Quel est mon besoin ?

Il y a une image très efficace que j’utilise souvent dans mes cours et que j’ai probablement mentionné lors de mes méditations sur Instagram. C’est celle du masque dans l’avion. En cas de dépressurisation, des masques à oxygène tombent automatiquement du plafond de l’appareil. La consigne est simple : mettez votre masque avant d’aider vos voisins à mettre le leur. Même si vous êtes assis.e à côté de vos enfants, de personnes âgées ou souffrant de handicaps. Vous devez d’abord vous mettre en sécurité et respirer correctement afin de pouvoir aider les autres.

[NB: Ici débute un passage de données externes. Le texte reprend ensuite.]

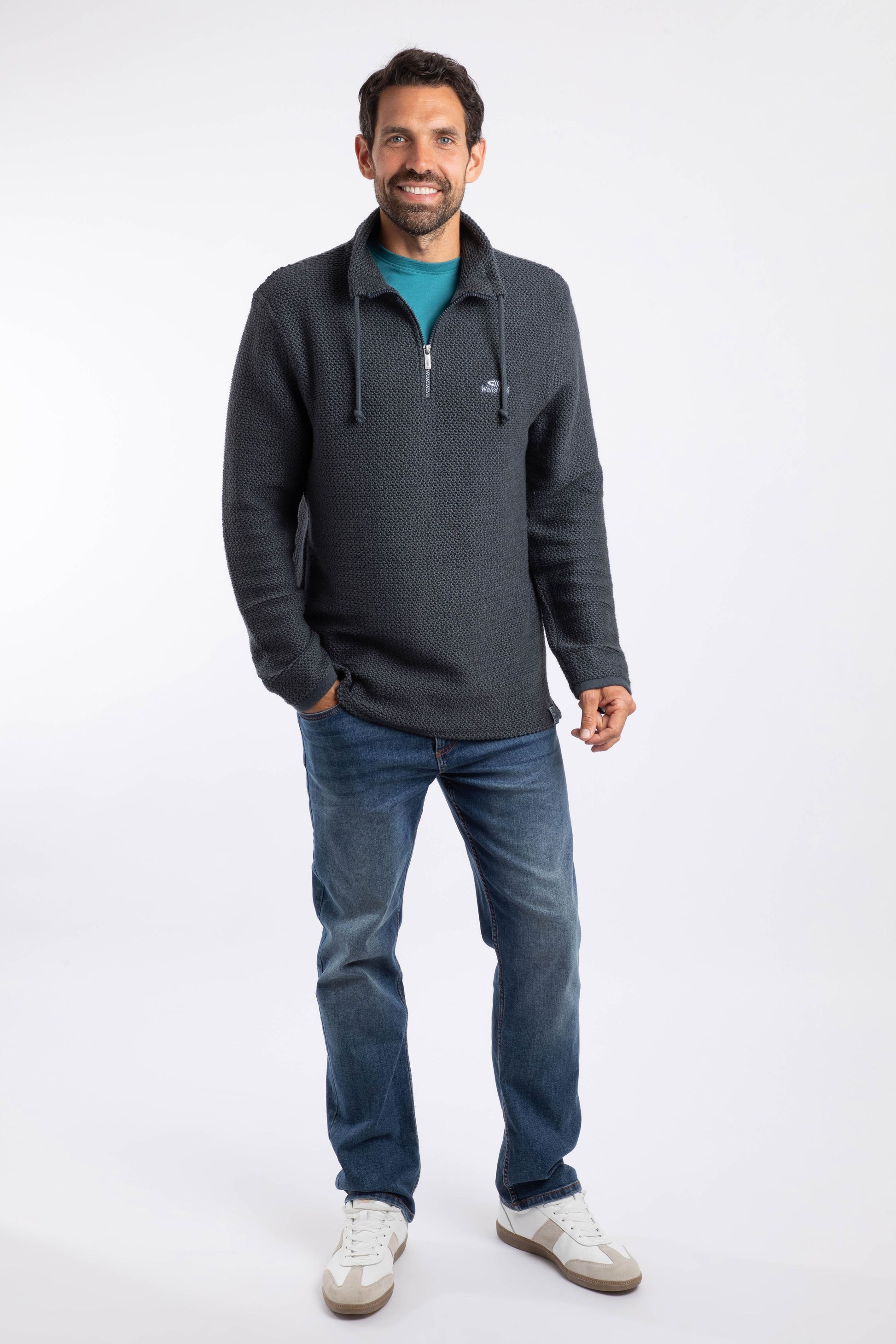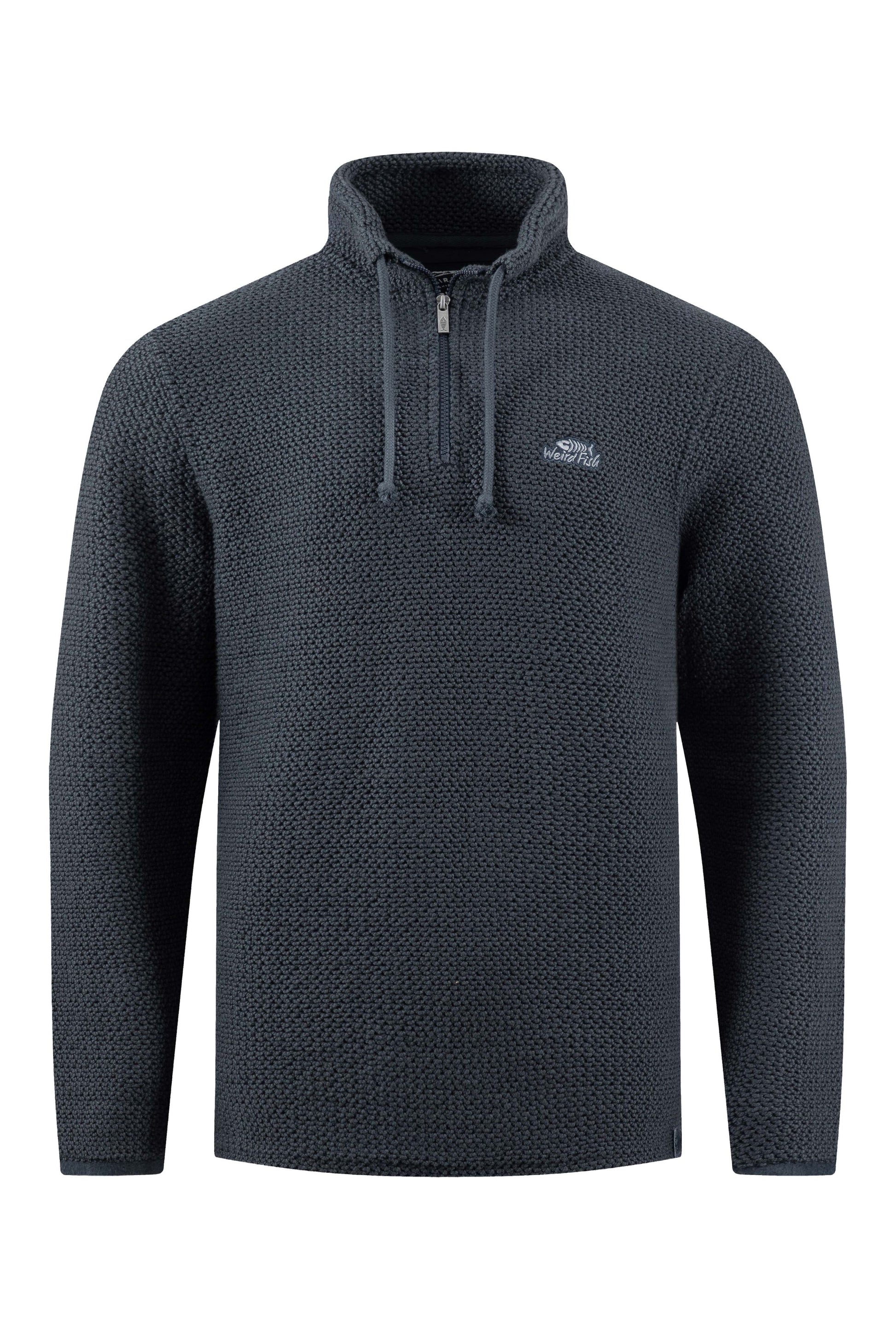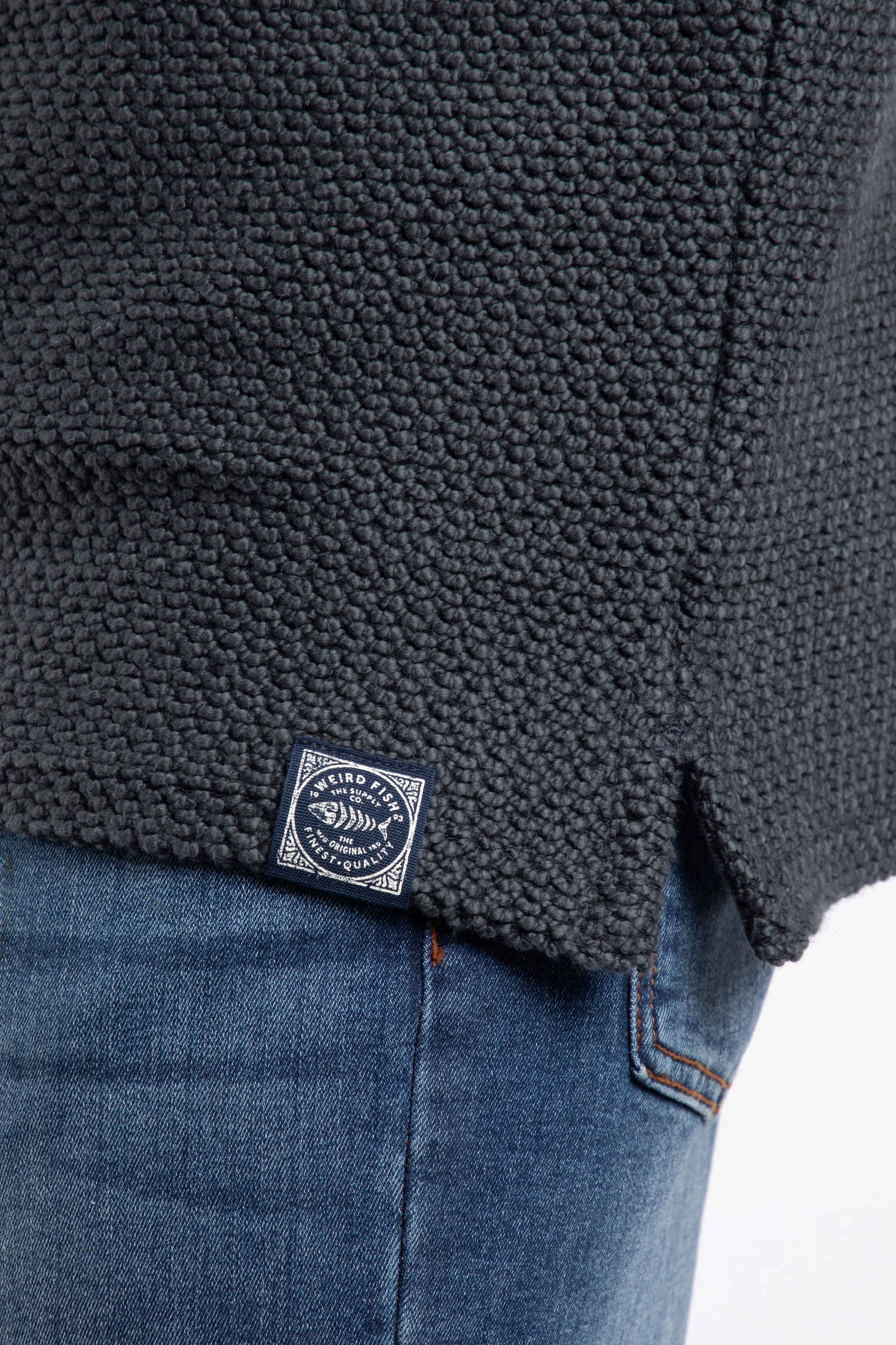 The most iconic Weird Fish item; The Cruiser 1/4 zip Macaroni is where it all began, back in 1993 we discovered these circular knitting machines that were no longer in use, and we brought them back to life. We named the fabric for the semicircle texture it embodies, and the Macaroni fabric was born.

En plaçant les besoins des autres avant le vôtre, vous risquez de mourir asphyxié.e et vous ne pourrez pas vous rendre utile comme vous l’espériez au départ. Cela parait évident mais regardez combien nous avons du mal à appliquer cet enseignement universel dans la vie courante. Cette semaine, je me suis autorisée à me demander : « quel est mon besoin ? ». Lister mes besoins m’a permis de ne pas me laisser noyer par les demandes des autres. Je n’ai pas répondu à vos nombreux messages sur Instagram ni sur mes diverses boites mail. Il me paraissait essentiel de m’autoriser d’abord cette exploration intérieure. La semaine dernière, j’avais imaginé reprendre mes cours dès le 11 mai. Finalement, je réalise que ce ne sera pas possible tout de suite. J’ai encore besoin de temps pour moi, pour ma famille et pour des projets professionnels qui m’engagent le weekend du 16 mai. Si je change d’avis d’ici samedi 16 mai, j’organiserai un cours et je vous en informerai sur Instagram. Je vous remercie mille fois par avance pour votre patience. En revanche, j’ai d’ores et déjà mis à jour la page Planning de mon blog et vous pouvez vous inscrire aux prochains cours en ligne qui auront lieu la semaine du 18 mai. Merci de bien lire les consignes avant de vous inscrire (surtout concernant les dates, les niveaux et les précautions vis à vis de Zoom).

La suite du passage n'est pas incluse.